Bank Dunia dalam kajiannya yang bejudul Turn Down the Heat[3], menyatakan bahwa wilayah Asia Tenggara akan mengalami risiko di daerah pesisir dan juga dari segi produktivitas. Hal ini disebabkan karena Asia Tenggara memiliki paparan yang terus meningkat terhadap dampak slow-onset yang terkait dengan kenaikan muka air laut, pemanasan laut dan peningkatan asidifikasi yang dikombinasikan dengan peningkatan panas ekstrim dengan cepat. Kajian tersebut menyatakan bahwa hampir semua terumbu karang di wilayah Asia Tenggara akan mengalami tegangan termal dengan tingkat pemanasan antara 1.5oC – 2oC. Terkait dengan hal ini, kajian tersebut menyatakan bahwa Indonesia merupakan daerah wisata yang paling rentan dengan dampak ini.
Meratifikasi Kesepakatan Paris juga memberi kesempatan bagi Indonesia memahami secara utuh dampak perubahan iklim yang akan terjadi di Indonesia, termasuk potensi kehilangan dan kerusakan yang akan terjadi, jika temperatur rata-rata bumi meningkat lebih dari 2oC. Ini adalah modal baik untuk menetapkan sektor-sektor prioritas di masa depan, sasaran dan ragam intervensi yang perlu diambil untuk meningkatkan daya lenting dan mengurangi resiko dampak perubahan iklim. Meratifikasi Kesepakatan Paris berarti Indonesia juga memikirkan masa depan bangsa dengan berkontribusi secara global untuk mengurangi emisi gas rumah kaca, demi mengurangi dampak perubahan iklim yang mungkin terjadi di Indonesia.
Memperhatikan beberapa keperluan yang disebutkan di atas, sepertinya tidak ada alasan bagi Indonesia untuk tidak meratifikasi Kesepakatan Paris, sebelum CMA 1 berlangsung, yang diperkirakan akan terjadi pada COP 22 di Marakesh mendatang. Sebagai negara yang merepresentasikan 1,49% dari total emisi dunia[4], Indonesia sudah seharusnya menunjukkan komitmennya untuk berbagi upaya (effort sharing) dengan negara lainnya, baik negara maju maupun negara berkembang, untuk menurunkan emisi gas rumah kaca, serta mendukung aksi-aksi perubahan iklim lainnya, termasuk adaptasi perubahan iklim baik secara domestik, maupun bekerja sama melalui Kerjasama Selatan-Selatan (South-South Cooperation).

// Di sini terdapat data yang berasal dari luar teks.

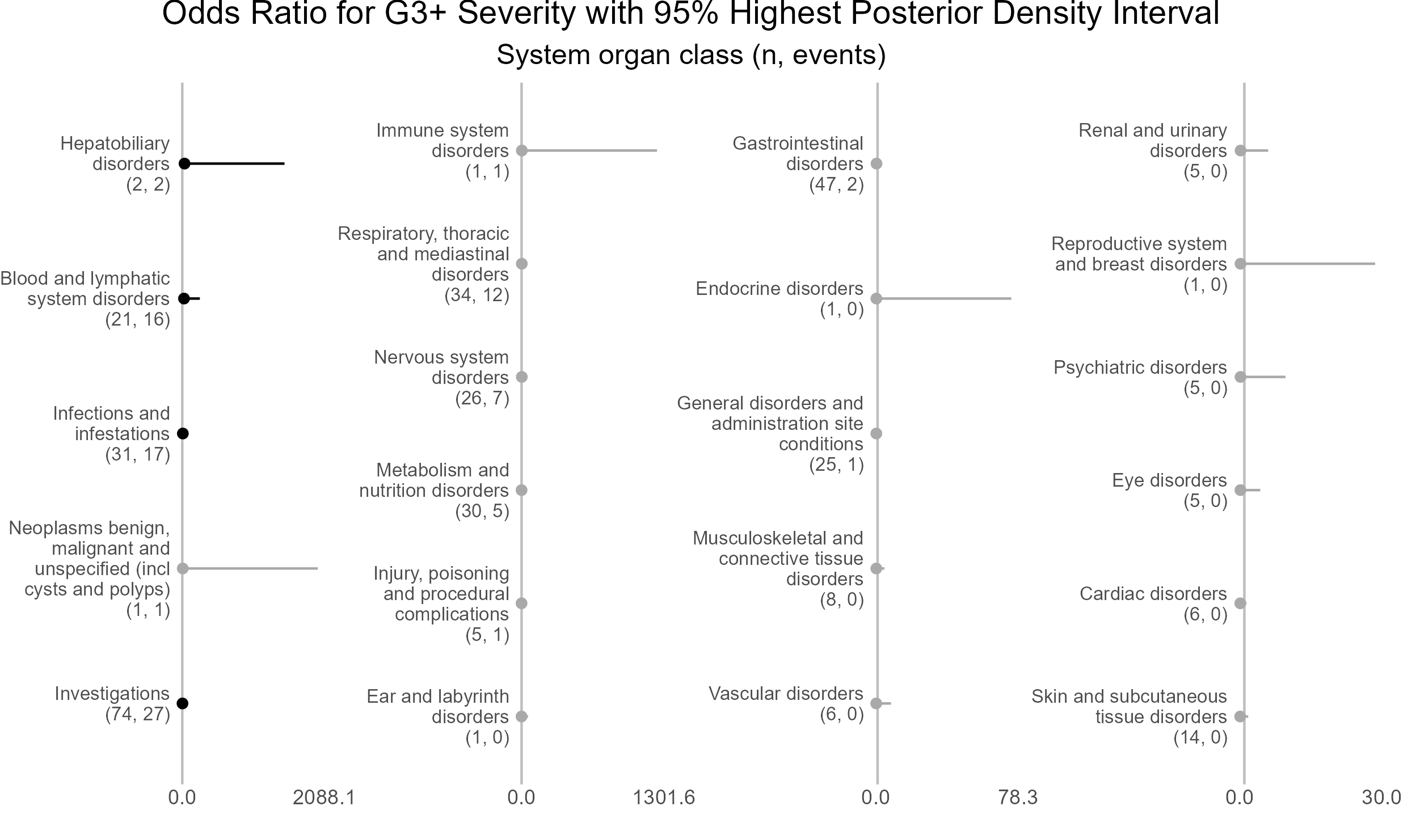 title = "Odds Ratio for G3+ Severity with 95% Highest Posterior Density Interval",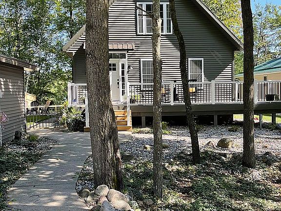1 1/2 story with full finished basement, 24x12 she shed with an a 3/4 bathroom and Murphy bed. There is an additional .33 lot across the street with a 24x36 pole barn with a 500 sq ft finished bunkhouse above. Several decks and large dock on 60 ft of frontage on Forest Lake in Alger!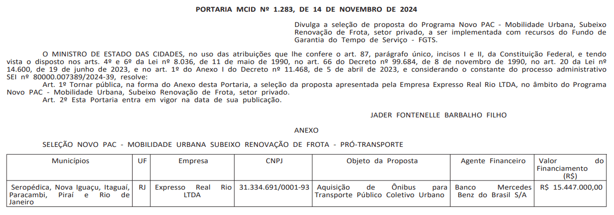 Duas empresas de ônibus do Rio de Janeiro foram selecionadas para receber financiamento do Programa Novo PAC para a renovação de suas frotas.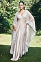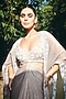 Featuring a blush peach cape in chiffon organza and foil satin base with embroidery and an attached blouse. It is paired with a draped skirt. Style this look with chandbali earrings, a chic potli, and mojaris for the perfect sangeet or a festive outfit.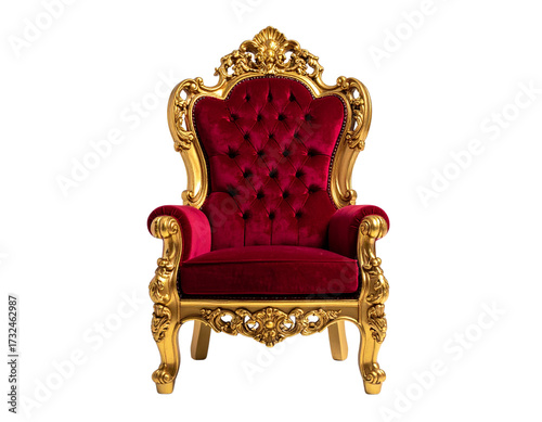 Golden Royal Throne with Velvet Cushions and Ornate Details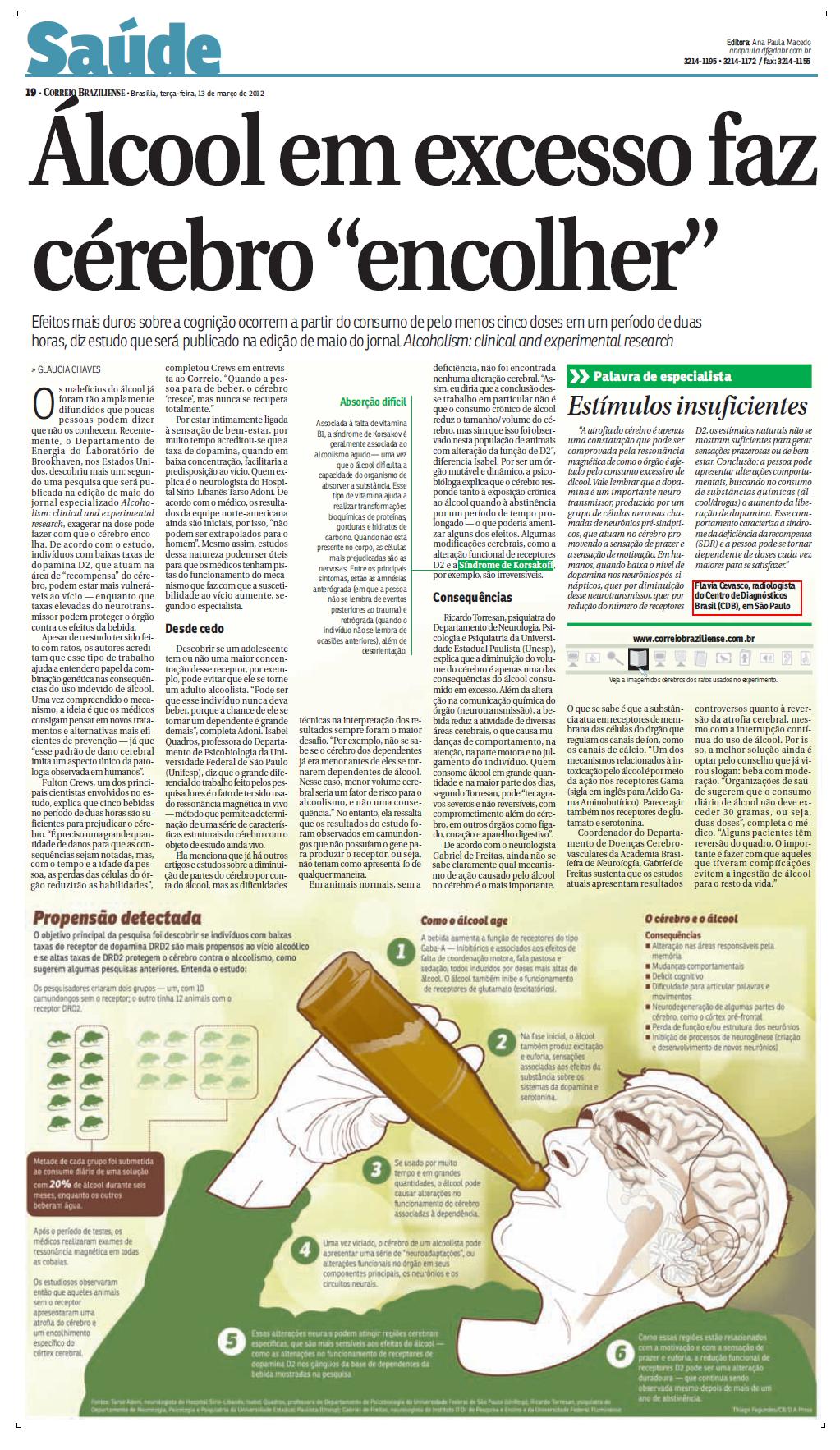 Clipping JORNAL CORREIO BRAZILIENSE - Álcool em excesso pode encolher o cérebro, diz estudo 14/03/2012

Kerjasama erat dan komunikasi dari eksekutif, yang diwakili oleh Kementerian Luar Negeri dan Kementerian Lingkungan Hidup dan Kehutanan) dan legislative yaitu DPR dan DPD merupakan kunci untuk Indonesia dapat meratifikasi Kesepakatan Paris melalui instrumen Undang-Undang sebelum COP-22 yang akan berlangsung mulai tanggal 7 November 2016. Tidak bisa ditinggalkan juga adalah kepedulian dan dukungan publik untuk memastikan Indonesia mengambil tanggung jawab yang sesuai dengan kemampuan dan situasi nasional untuk mengatasi tantangan perubahan iklim global.
[1] Artikel 21 dari Kesepakatan Paris paragraf pertama menyatakan bahwa, Kesepakatan Paris akan diberlakukan pada hari ketigapuluh setelah tanggal di mana 55 negara Pihak di bawah Konvensi dengan total perhitungan kontribusi emisi gas rumah kaca sebesar 55%, telah mendepositkan instrumen ratifikasi, penerimaan, atau pun aksesi.
[2] UNFCCC Legal Affairs Programme. Entry into force of the Paris Agreement: legal requirements and implications. Information Note.
[3] World Bank. Turn Down the Heat. Juni 2013.